[DATA SUPPLIED — start]

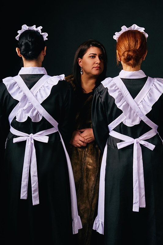 Και στην Καβαλιώτικη παρουσίαση των «Υπηρετριών», η συγγραφική μαεστρία του Ζενέ να φέρει το θέατρο μέσα στο θέατρο, οι δύο αδερφές δονούνται από δολοφονικά ένστικτα, εκδηλώνουν νευρώσεις και ζουν τη μεγάλη σύγκρουση, μιας και η «Κυρία» – που πλέον είναι υποχείριό τους, εφόσον την υποδύονται – φαίνεται να τις αγαπά, να θέλει να τους δίνει πράγματα, να στηρίζεται επάνω τους.
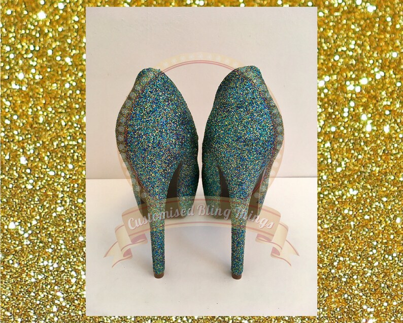 Peacock glitter heels Peacock glitter custom glitter shoes
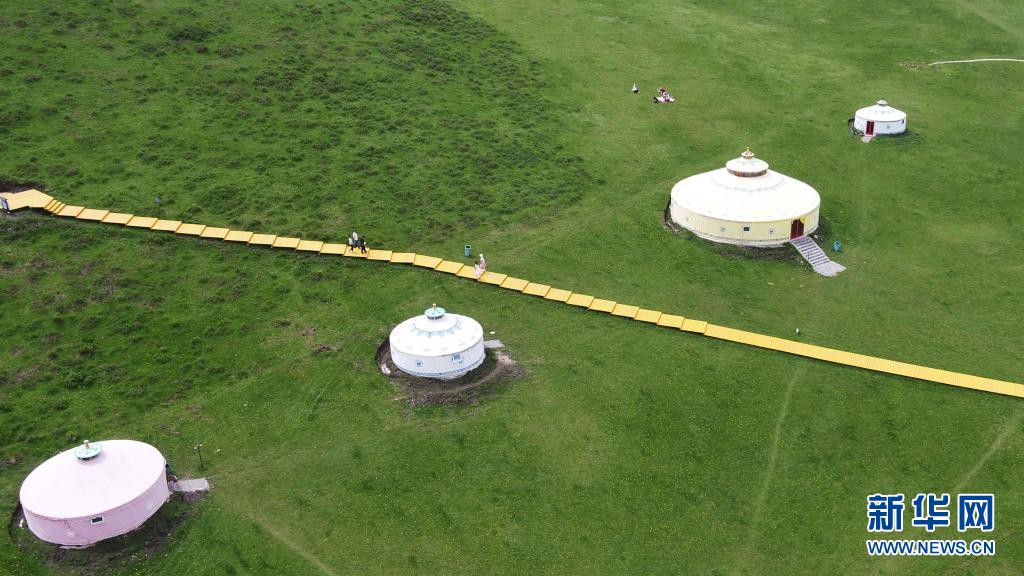 這是6月8日在甘肅省定西市岷縣境內(nèi)拍攝的狼渡草原(無人機(jī)照片)。
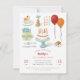 En söt födelsedagsinbjudan innehåller originalfärgade gouacher som illustrerar plagg och kakor av party. Det är bra för födelsedagsfestens för barn och vuxnor.
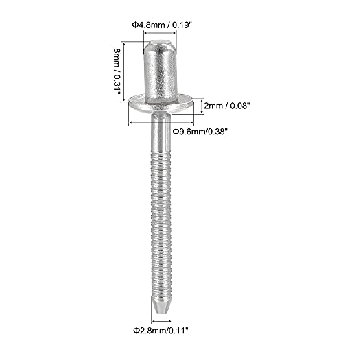Sourcing map Rivetti ciechi, in acciaio inox 304, rivetti per la decorazione del nucleo, 4,8 mm, diametro 8 mm, lunghezza dell'impugnatura chiusa, tono argento, 50 pezzi

[DATA SUPPLIED — finish]

• WORK INSTRUCTION
In the answer, give only the lines from the top of the data above through the line with "這是6月8日在甘肅省定西市岷", reproduced exactly; no picture may appear.

• RESULT OF THE EXERCISE
 Και στην Καβαλιώτικη παρουσίαση των «Υπηρετριών», η συγγραφική μαεστρία του Ζενέ να φέρει το θέατρο μέσα στο θέατρο, οι δύο αδερφές δονούνται από δολοφονικά ένστικτα, εκδηλώνουν νευρώσεις και ζουν τη μεγάλη σύγκρουση, μιας και η «Κυρία» – που πλέον είναι υποχείριό τους, εφόσον την υποδύονται – φαίνεται να τις αγαπά, να θέλει να τους δίνει πράγματα, να στηρίζεται επάνω τους.
 Peacock glitter heels Peacock glitter custom glitter shoes
 這是6月8日在甘肅省定西市岷縣境內(nèi)拍攝的狼渡草原(無人機(jī)照片)。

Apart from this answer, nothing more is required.